TASK DESCRIPTION =
All lines from the one containing "Mount Pleasant Sorting" through the final line of the listing below, and no others, must be returned exactly; no pictures belong in the copy.

===== SOURCE DATA =====

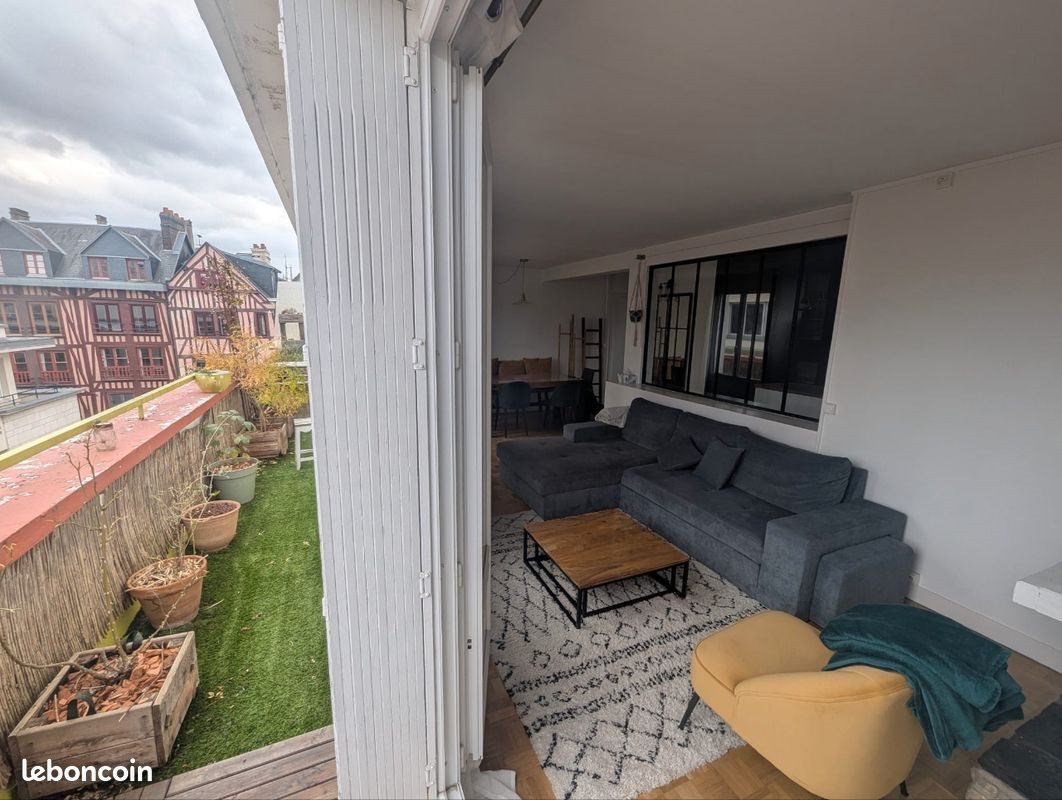 Magnifique appartement F3 meublé et rénové se situant au dernier étage (4eme) sans ascenseur, dans l'hypercentre ville de Rouen. Terasse vue cathédrale. Cuisine ouverte sur salle à manger salon. Une grande chambre + dressing coté cour (au calme ) et une chambre d'amis coté terrasse. Mensualité : 1100e Cc
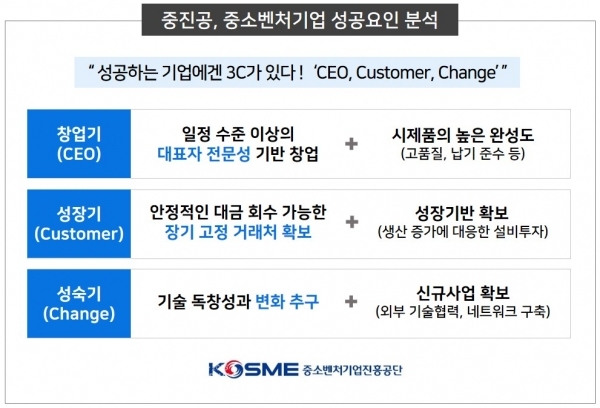 중진공은 2017년부터 2018년까지 2년 간 정책자금을 지원받은 기업 3만개 사에 대한 기업평가 데이터를 분석했다. 기업의 성장 단계를 창업기, 성장기, 성숙기 등 3단계로 나누고, 각 단계별로 주요한 성공요인을 뽑아 3C(CEO, Customer, Change) 전략을 제시했다.
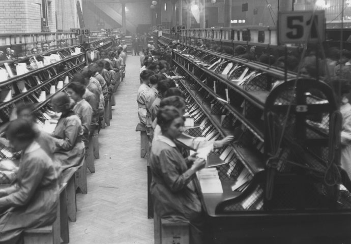 Mount Pleasant Sorting Office Letter sorting by women c.1914 © Royal Mail Group, courtesy of The Postal Museum
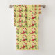 These cute bath towels feature a repeating pattern of a red monkey with a long curling tail on a tree branch surrounded by green leaves.

=====

SOLUTION FOR THIS EXERCISE =
 Mount Pleasant Sorting Office Letter sorting by women c.1914 © Royal Mail Group, courtesy of The Postal Museum
 These cute bath towels feature a repeating pattern of a red monkey with a long curling tail on a tree branch surrounded by green leaves.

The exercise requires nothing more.